Regarding _your_ permissions, the cases where you want to prevent
yourself from reading/writting on a file are rare. Regarding the
"group" part, it's 100% site-specific, since people will have
different groups on different hosts where they checkout, and for the
"other" part, the policy is also site-specific. If you develop free
software or if you trust other users, you'll want to give the "read"
permission to everybody. But having someone who don't trust other
users and someone who does working together with a RCS that sets those
bits is a mess.

And yes, the security risk is there. I already found some
world-writable files in a GNU Arch project.

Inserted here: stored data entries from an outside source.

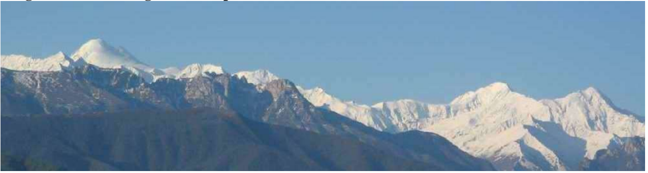
Kazbek-Djimarai, view from Vladikavkaz hotel

Day 1. Flight to Vladikavkaz, arrival. Transfer to Tmenikau village. By the way great views of old families towers and also we are visit the necropolis of Dargavs city (special stone houses city for dead people with pyramidal roofs piled by stone). Tree hours trekking to Base Camp 2300m. Main equipments carry up by mules and we can still travel with light luggage. Close from the Base Camp there are 2 natural hot mineral water springs with bathes. Tent Camp.
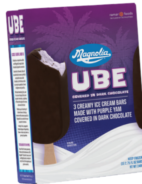
1631 UBE 3 pack / 240 g
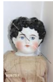
Porcelain Doll (2020.73.1)
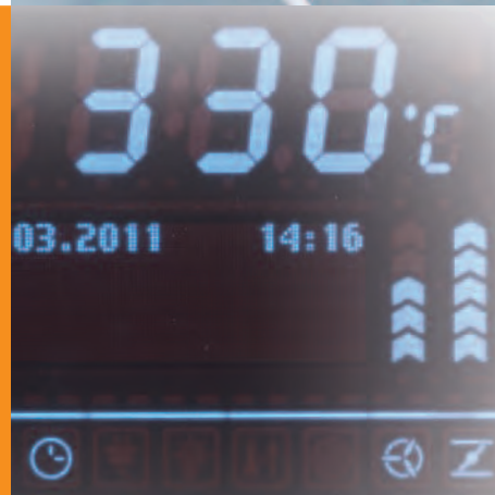
Operating temperatures as high as 330 °C
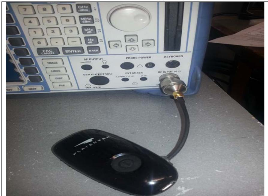
Fig 5 Test setup Conducted measurements
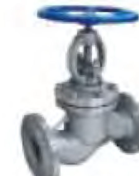
GLOBE VALVE Body : 304,316 Conn : PN16 Disc : 304,316 Size : 1/4"- 12"
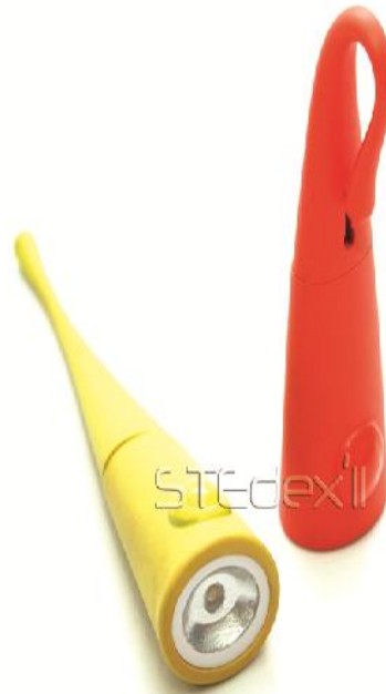
Personal Alarm for Kids_3
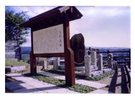
Fig. 2 Drifting wild geese at Ohta (Mito Eight Scenery)
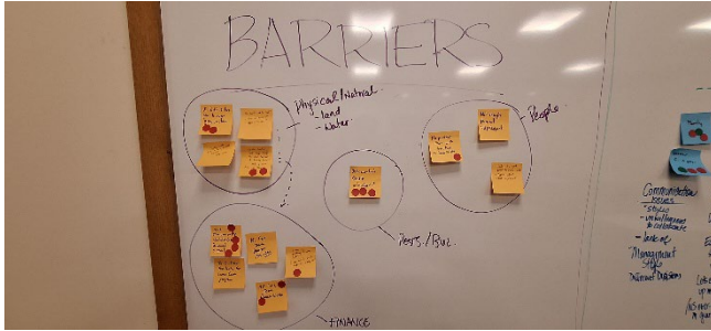
Figure 3. Working through barriers that can prevent BMP adoption.

The complexity of decision making in agriculture highlights that many supports can be needed to increase adoption of BMPs beyond funding supports. For example, one of the recommendations of the research team is the availability of real-time soil health data to help producers identify the right BMPs for their farm.
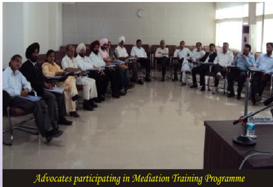
Advocates participating in Mediation Training Programme

His Lordship pointed out that a conciliator or mediator should not only have the capacity to marshal and analyze the facts giving rise to the conflict, he must have a fair knowledge of the current laws, rules and regulations that may have bearing on the case brought before him. Though, as we all know, mediation is a non-binding negotiation process and the role of the mediator is to assist the parties in the referred case to resolve dispute but knowledge of
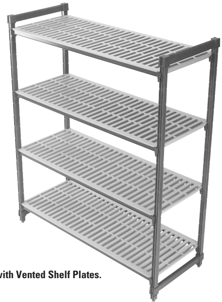
Four Shelf Unit with Vented Shelf Plates.
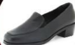
Court Shoe A (1.8")
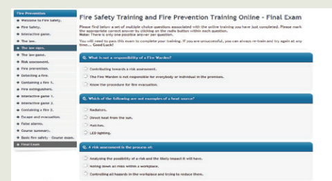
Final Exam – Certificates Provided.

Those responsible for workplaces must provide staff with suitable, sufficient and appropriate training to help prevent the outbreak of fire.
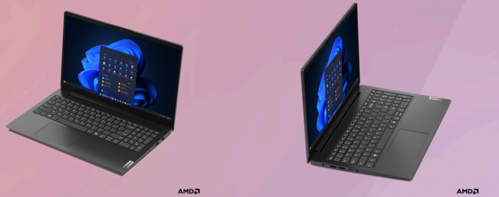
The product images are for illustration purposes only. Actual product appearance, ports, keyboard layout, and accessories may vary by model.
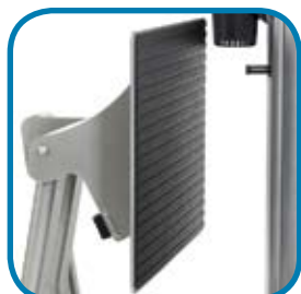
Large foot plate
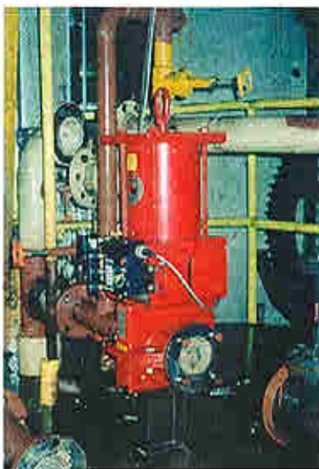
Series 5200 Control Pinch Valve provides precise control and durability. No maintenance or downtime on sugar syrup service is required during the campaign.

The sugar syrup flow must be controlled accurately. The addition of
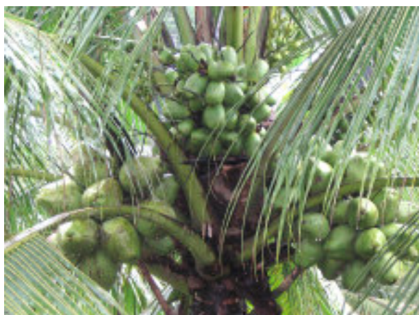
Chawghat Green Dwarf
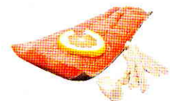
Seafood & Meat
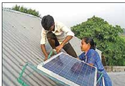
Solar Home System
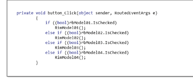
Figure 3. Functions that check selected model.

When the user chooses the required parameters and selects the Create Model button, the code calls a function that checks which of the models is selected and depending on the model, the corresponding function for its creation in SolidWorks is called, as shown in Fig. 3.
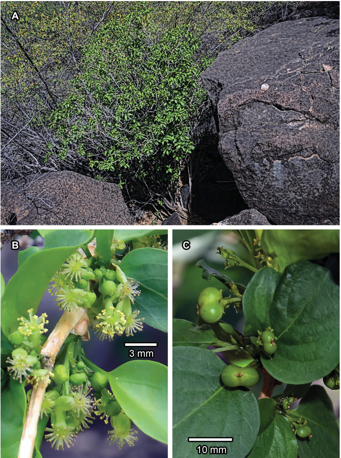
FIGURE 2. Erythrococca kaokoensis . A. Plant in natural habitat (Zebra Mountains, Namibia) among greyish black boulders of anorthosite, growing as a shrub about 2 m tall. Associated shrub with smaller leaves and yellow flowers in background is a species of Grewia . B. Male flowers. C. Female flowers and immature fruit.
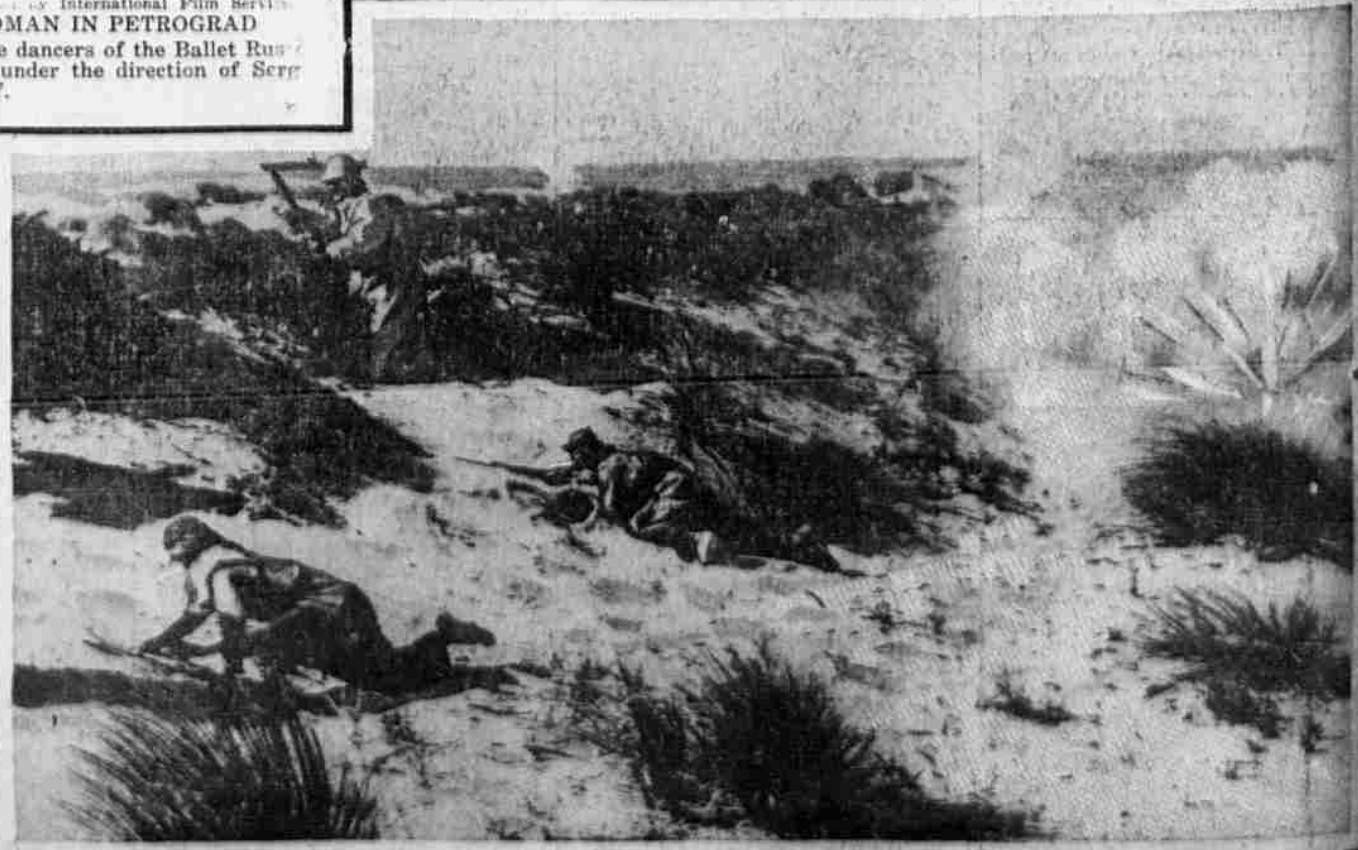
BURSTING SHELLS CAUGHT AT THE INSTANT OF EXPLOSION BY THE WAR PHOTOGRAPHER ON TWO FRONTS At the left the 220 mm. mortars of the French artillery operating in the Champagne district are shown both under fire and in action. As the mortar in the foreground is discharged a German shell bursts in a cloud of smoke and gas at the left. On the right is a newly arrived picture from the Dardanelles, showing outposts of the French forces being shelled as they make their way to safety behind the sand dunes of Gallipoli, whence the Allies have withdrawn after a series of tragic failures.
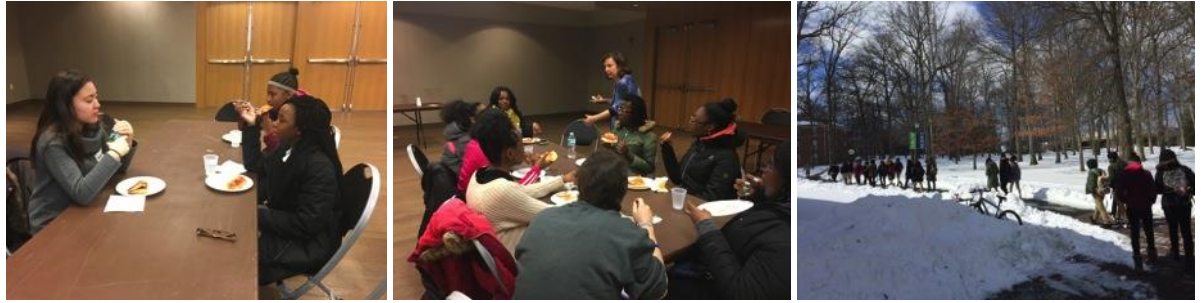
Pictured: Orange Prep Academy students at Drew University.

That said, it can be useful on 0.01% (?) of cases, and I'll take once
more the example of GNU Arch: a user wanted to version-control / on
several machines (not just for backup, but also to merge changes from
a machine to another), and an option has been added to track all the
bits (sticky bit, suid, ...), the group name and all, but obviously,
it's disabled by default. I'm not sure this has actually been used by
anyone finally.

> In what way? The only thing I can think of is accidental creation of cycles
> in the working dir. (I know someone who messed his SVN repo up with a
> symlink to '.'.) But if care is taken for hg to never follow links
> everything should be fine.

If you follow symbolic links, you have another problem which is that a
symlink can point outside your tree. Security concern here too:
things like merging could then write outside the tree (and therefore
to an arbitrary location).

Tracking the target of symlinks is OTOH something I find useful, and
seems not too problematic. I'm versionning my ~/bin/ with bzr, it
contains mostly a few home-made scripts and some symlinks (typically
to chose between several versions of a software on the system), and
it's convenient to manage multiple machines.